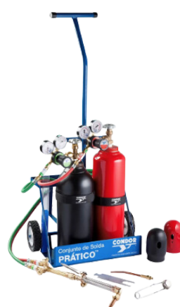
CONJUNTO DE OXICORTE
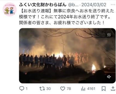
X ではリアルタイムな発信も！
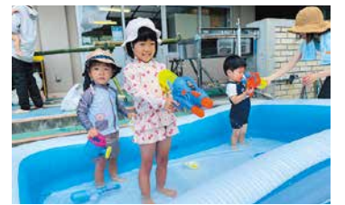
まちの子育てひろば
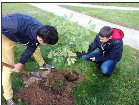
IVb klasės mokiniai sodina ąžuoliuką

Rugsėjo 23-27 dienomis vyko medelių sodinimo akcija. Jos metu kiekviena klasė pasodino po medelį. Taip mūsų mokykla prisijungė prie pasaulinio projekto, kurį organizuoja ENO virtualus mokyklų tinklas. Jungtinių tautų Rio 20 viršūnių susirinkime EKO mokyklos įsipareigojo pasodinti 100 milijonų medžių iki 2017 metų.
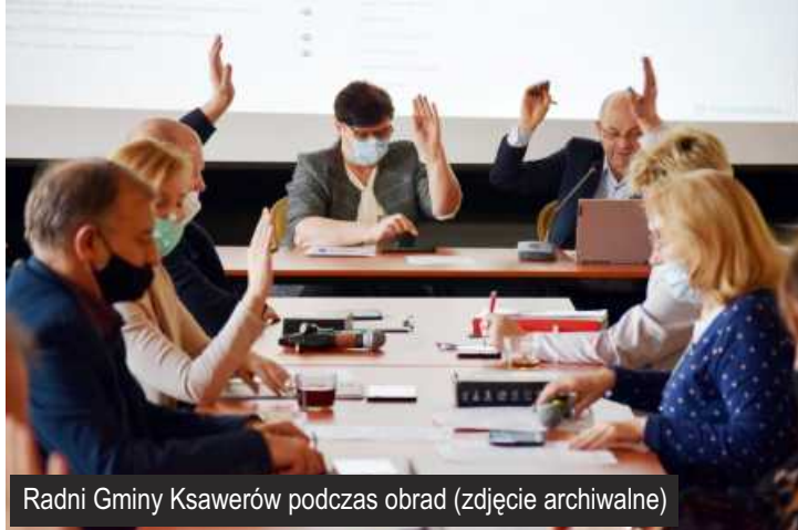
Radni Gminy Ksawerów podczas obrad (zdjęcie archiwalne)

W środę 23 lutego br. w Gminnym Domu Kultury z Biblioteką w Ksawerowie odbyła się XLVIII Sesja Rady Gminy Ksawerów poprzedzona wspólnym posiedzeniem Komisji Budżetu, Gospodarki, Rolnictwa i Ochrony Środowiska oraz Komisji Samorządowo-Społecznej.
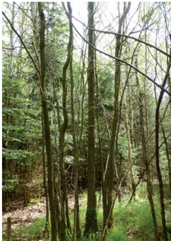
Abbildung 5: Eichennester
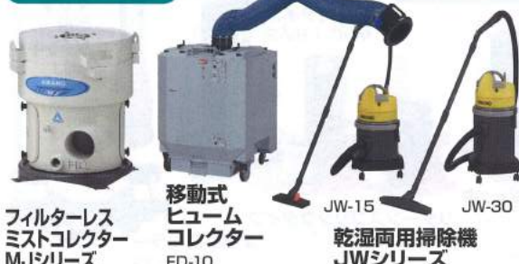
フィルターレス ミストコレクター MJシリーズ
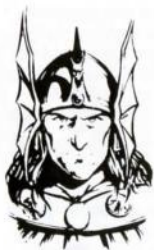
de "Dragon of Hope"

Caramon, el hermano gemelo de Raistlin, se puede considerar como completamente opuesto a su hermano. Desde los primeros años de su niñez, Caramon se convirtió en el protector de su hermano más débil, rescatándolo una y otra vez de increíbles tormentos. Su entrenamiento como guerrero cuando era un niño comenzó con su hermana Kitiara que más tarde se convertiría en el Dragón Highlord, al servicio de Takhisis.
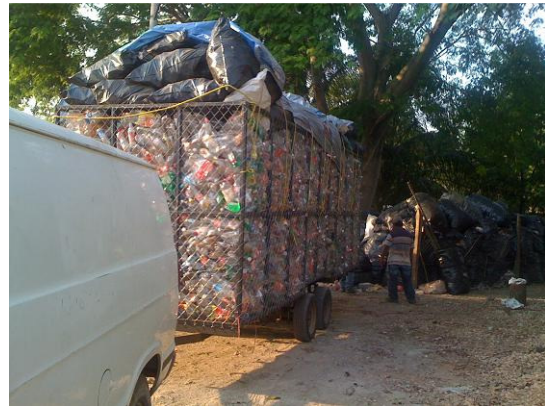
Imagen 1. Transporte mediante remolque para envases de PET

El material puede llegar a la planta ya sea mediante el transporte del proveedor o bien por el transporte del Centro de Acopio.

━━━━

### Your objective
Return exactly the lines from the one containing "W środę 23 lutego" through the end of the records, leaving out every picture.

### Solution to this problem
W środę 23 lutego br. w Gminnym Domu Kultury z Biblioteką w Ksawerowie odbyła się XLVIII Sesja Rady Gminy Ksawerów poprzedzona wspólnym posiedzeniem Komisji Budżetu, Gospodarki, Rolnictwa i Ochrony Środowiska oraz Komisji Samorządowo-Społecznej.
Abbildung 5: Eichennester
フィルターレス ミストコレクター MJシリーズ
de "Dragon of Hope"

Caramon, el hermano gemelo de Raistlin, se puede considerar como completamente opuesto a su hermano. Desde los primeros años de su niñez, Caramon se convirtió en el protector de su hermano más débil, rescatándolo una y otra vez de increíbles tormentos. Su entrenamiento como guerrero cuando era un niño comenzó con su hermana Kitiara que más tarde se convertiría en el Dragón Highlord, al servicio de Takhisis.
Imagen 1. Transporte mediante remolque para envases de PET

El material puede llegar a la planta ya sea mediante el transporte del proveedor o bien por el transporte del Centro de Acopio.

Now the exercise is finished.